» Exercise requirements: The part below that opens with the line containing "Кожа, эффект потертости, логотип" and closes with the line containing "Permanentný popisovač edding" should be copied exactly, minus any pictures.
*** Data for processing ***
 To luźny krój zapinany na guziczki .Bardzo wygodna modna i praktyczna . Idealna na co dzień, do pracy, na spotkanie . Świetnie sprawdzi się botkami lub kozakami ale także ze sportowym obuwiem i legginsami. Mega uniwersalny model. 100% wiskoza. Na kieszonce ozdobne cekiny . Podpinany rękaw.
*** End of Data for processing ***
*** Data for processing ***
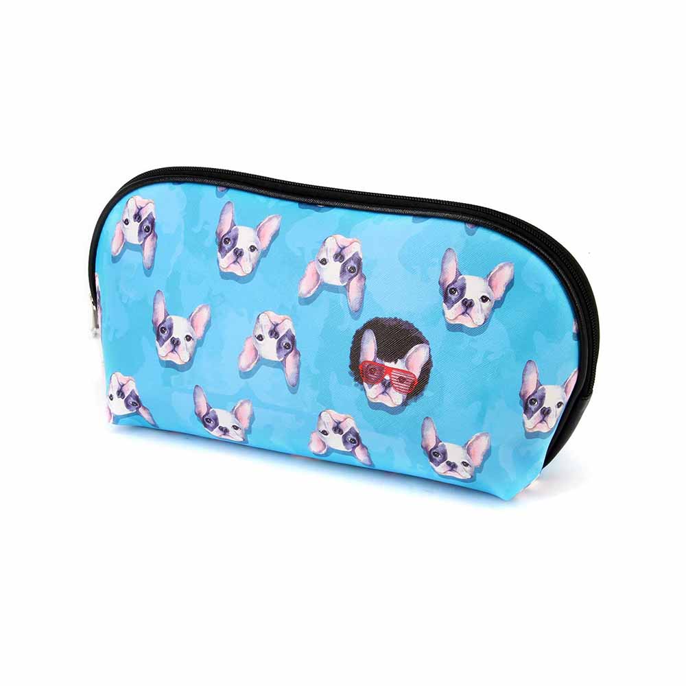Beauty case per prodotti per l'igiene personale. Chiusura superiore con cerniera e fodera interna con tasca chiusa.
*** End of Data for processing ***
*** Data for processing ***
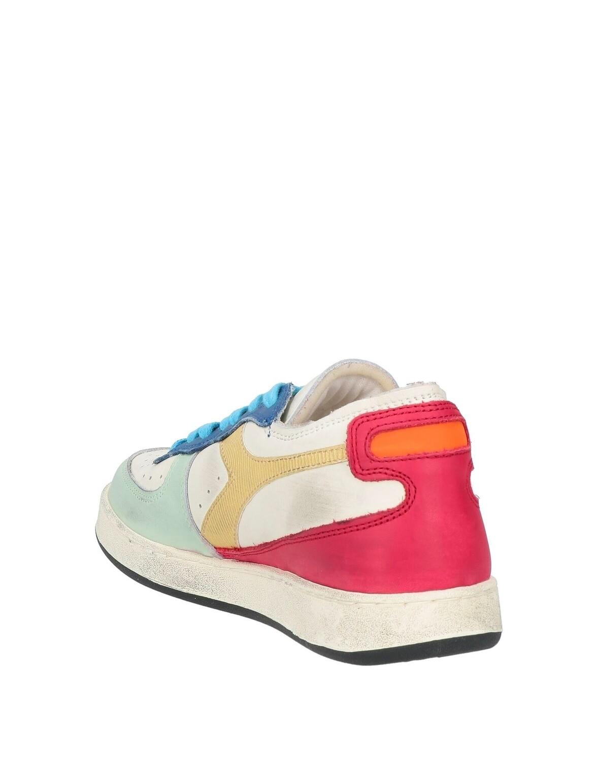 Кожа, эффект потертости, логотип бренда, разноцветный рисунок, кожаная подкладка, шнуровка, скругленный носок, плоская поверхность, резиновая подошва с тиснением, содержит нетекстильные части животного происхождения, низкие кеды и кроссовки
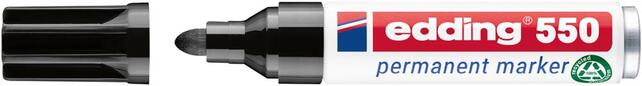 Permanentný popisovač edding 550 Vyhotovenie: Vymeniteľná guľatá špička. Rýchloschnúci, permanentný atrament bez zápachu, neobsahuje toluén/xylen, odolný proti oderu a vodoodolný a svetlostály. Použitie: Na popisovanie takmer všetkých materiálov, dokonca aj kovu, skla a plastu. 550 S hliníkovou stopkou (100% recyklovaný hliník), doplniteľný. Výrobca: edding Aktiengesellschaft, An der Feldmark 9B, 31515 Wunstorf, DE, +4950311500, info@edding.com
*** End of Data for processing ***
» Result of the exercise:
 Кожа, эффект потертости, логотип бренда, разноцветный рисунок, кожаная подкладка, шнуровка, скругленный носок, плоская поверхность, резиновая подошва с тиснением, содержит нетекстильные части животного происхождения, низкие кеды и кроссовки
 Permanentný popisovač edding 550 Vyhotovenie: Vymeniteľná guľatá špička. Rýchloschnúci, permanentný atrament bez zápachu, neobsahuje toluén/xylen, odolný proti oderu a vodoodolný a svetlostály. Použitie: Na popisovanie takmer všetkých materiálov, dokonca aj kovu, skla a plastu. 550 S hliníkovou stopkou (100% recyklovaný hliník), doplniteľný. Výrobca: edding Aktiengesellschaft, An der Feldmark 9B, 31515 Wunstorf, DE, +4950311500, info@edding.com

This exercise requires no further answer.